Haihong Tang
Publications
KARMA: Knowledge-Action Regularized Multimodal Alignment for Personalized Search at Taobao
Large Language Models (LLMs) are equipped with profound semantic knowledge, making them a natural choice for injecting semantic generalization into personalized search systems. However, in practice we find that directly fine-tuning LLMs on industrial personalized tasks (e.g. next item prediction) often yields suboptimal results. We attribute this bottleneck to a critical Knowledge--Action Gap: the inherent conflict between preserving pre-trained semantic knowledge and aligning with specific personalized actions by discriminative objectives. Empirically, action-only training objectives induce Semantic Collapse, such as attention ``sinks''. This degradation severely cripples the LLM's generalization, failing to bring improvements to personalized search systems. We propose KARMA (Knowledge--Action Regularized Multimodal Alignment), a unified framework that treats semantic reconstruction as a train-only regularizer. KARMA optimizes a next-interest embedding for retrieval (Action) while enforcing semantic decodability (Knowledge) through two complementary objectives: (i) history-conditioned semantic generation, which anchors optimization to the LLM's native next-token distribution, and (ii) embedding-conditioned semantic reconstruction, which constrains the interest embedding to remain semantically recoverable. On Taobao search system, KARMA mitigates semantic collapse (attention-sink analysis) and improves both action metrics and semantic fidelity. In ablations, semantic decodability yields up to +22.5 HR@200. With KARMA, we achieve +0.25 CTR AUC in ranking, +1.86 HR in pre-ranking and +2.51 HR in recalling. Deployed online with low inference overhead at ranking stage, KARMA drives +0.5% increase in Item Click.

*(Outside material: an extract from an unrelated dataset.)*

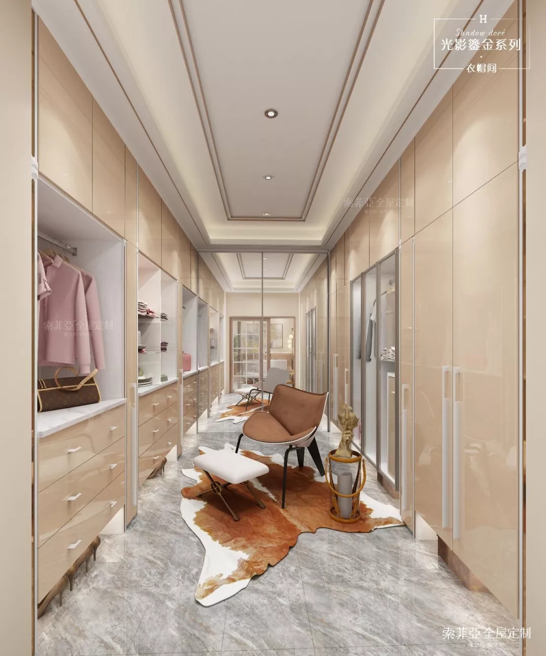 獨立的步入式衣帽間,隱秘性極好,在臥室做這類衣帽間得充分考慮面積是否允許,找專業設計師設計規劃。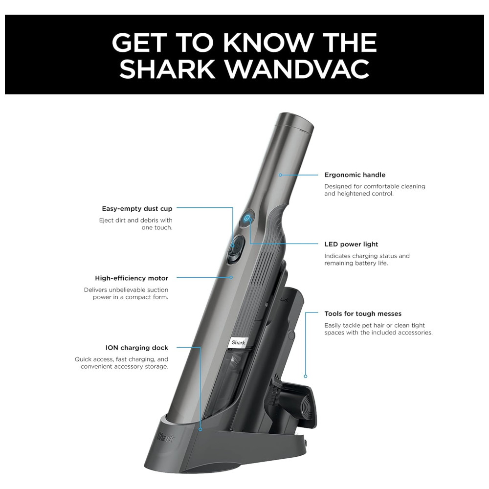 O aspirador de mão sem fio Shark WANDVAC combina portabilidade leve com incrível poder de sucção de um motor sem escova de alta velocidade.

AIGQ: An End-to-End Hybrid Generative Architecture for E-commerce Query Recommendation
Pre-search query recommendation, widely known as HintQ on Taobao's homepage, plays a vital role in intent capture and demand discovery, yet traditional methods suffer from shallow semantics, poor cold-start performance and low serendipity due to reliance on ID-based matching and co-click heuristics. To overcome these challenges, we propose AIGQ (AI-Generated Query architecture), the first end-to-end generative framework for HintQ scenario. AIGQ is built upon three core innovations spanning training paradigm, policy optimization and deployment architecture. First, we propose Interest-Aware List Supervised Fine-Tuning (IL-SFT), a list-level supervised learning approach that constructs training samples through session-aware behavior aggregation and interest-guided re-ranking strategy to faithfully model nuanced user intent. Accordingly, we design Interest-aware List Group Relative Policy Optimization (IL-GRPO), a novel policy gradient algorithm with a dual-component reward mechanism that jointly optimizes individual query relevance and global list properties, enhanced by a model-based reward from the online click-through rate (CTR) ranking model. To deploy under strict real-time and low-latency requirements, we further develop a hybrid offline-online architecture comprising AIGQ-Direct for nearline personalized user-to-query generation and AIGQ-Think, a reasoning-enhanced variant that produces trigger-to-query mappings to enrich interest diversity. Extensive offline evaluations and large-scale online A/B experiments on Taobao demonstrate that AIGQ consistently delivers substantial improvements in key business metrics across platform effectiveness and user engagement.